Amputee Drummer Uses Robot Arm: 'Metal Drummers Might Be Jealous'

03/21/2014 01:59 EDT | Updated 03/21/2014 03:59 EDT

Drummer Jason Barnes has a big gig at the Atlanta Science Festival on March 22. It's even bigger considering he's had to practice for it with his new robotic arm.

According to New Scientist, Barnes lost the lower portion of his right arm in 2012 due to an electric shock after cleaning a vent hood in a restaurant. However, the tragic injury didn't deter the musician, resulting in a basic drumming device using springs and a brace he would attach to his right arm.

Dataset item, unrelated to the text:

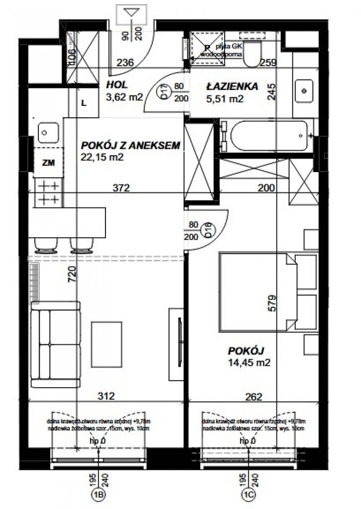 • Pokój dzienny z aneksem 22,14 m2

After enrolling in the Atlanta Institute of Music and Media, Barnes met drum instructor Eric Sanders who put him in touch with Gil Weinberg, an engineer at the Georgia Institute of Technology who had previously created robots to play music. Weinberg and a group attempted to create a robotic arm for Barnes.

As shown in the YouTube clip above, Barnes tested out the device with some amazing results. Essentially Barnes has an extra drumstick he can play with the robotic arm, making one arm basically do the work two arms would do to keep time -- and making Barnes essentially the world's first three-armed drummer.

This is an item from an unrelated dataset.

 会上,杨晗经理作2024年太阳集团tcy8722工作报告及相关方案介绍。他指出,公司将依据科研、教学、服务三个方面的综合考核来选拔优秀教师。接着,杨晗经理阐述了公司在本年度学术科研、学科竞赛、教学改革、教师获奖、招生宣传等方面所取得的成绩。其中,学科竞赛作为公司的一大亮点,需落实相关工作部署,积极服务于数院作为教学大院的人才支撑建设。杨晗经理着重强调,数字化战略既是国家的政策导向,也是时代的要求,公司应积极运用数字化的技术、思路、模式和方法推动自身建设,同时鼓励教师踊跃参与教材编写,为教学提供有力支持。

"It was pretty awesome," Barnes told the publication. "If it works out and it proves to be a lot more useful than my current prosthesis, I would definitely use it all the time."

The YouTube clips shows Barnes initially playing a jazz style with one drumstick on the robotic arm and later showing a drum roll with an additional drumstick placed on the arm. "An arm with a mind of its own," a caption on the video reads as the two sticks on the robotic arm create an intricate rhythm on a cymbal.

The arm works by taking cues from Barnes' body by using a robotic arm that detects electrical signals from Barnes' upper arm muscles. The grip of the drumstick as well as the pace played is controlled by how he tenses his bicep muscles.

The other drumstick on the arm is controlled by a motor but by using a microphone and an accelerometer is able to determine what kind of rhythm Barnes (and other nearby musicians) is playing. The music of the late jazz icons Thelonious Monk and John Coltrane was the model used for assisting the rhythm's creation.

"I'll bet a lot of metal drummers might be jealous of what I can do now," Barnes told Georgia Tech as reported by NBC News regarding the arm officially called called the Robotic Drum Prosthesis.

"In some cases, we were able to create some surprises, with music that cannot be created by humans alone," Weinberg said. "The next interesting step is to see what happens when you are part of the robot and the robot is part of you."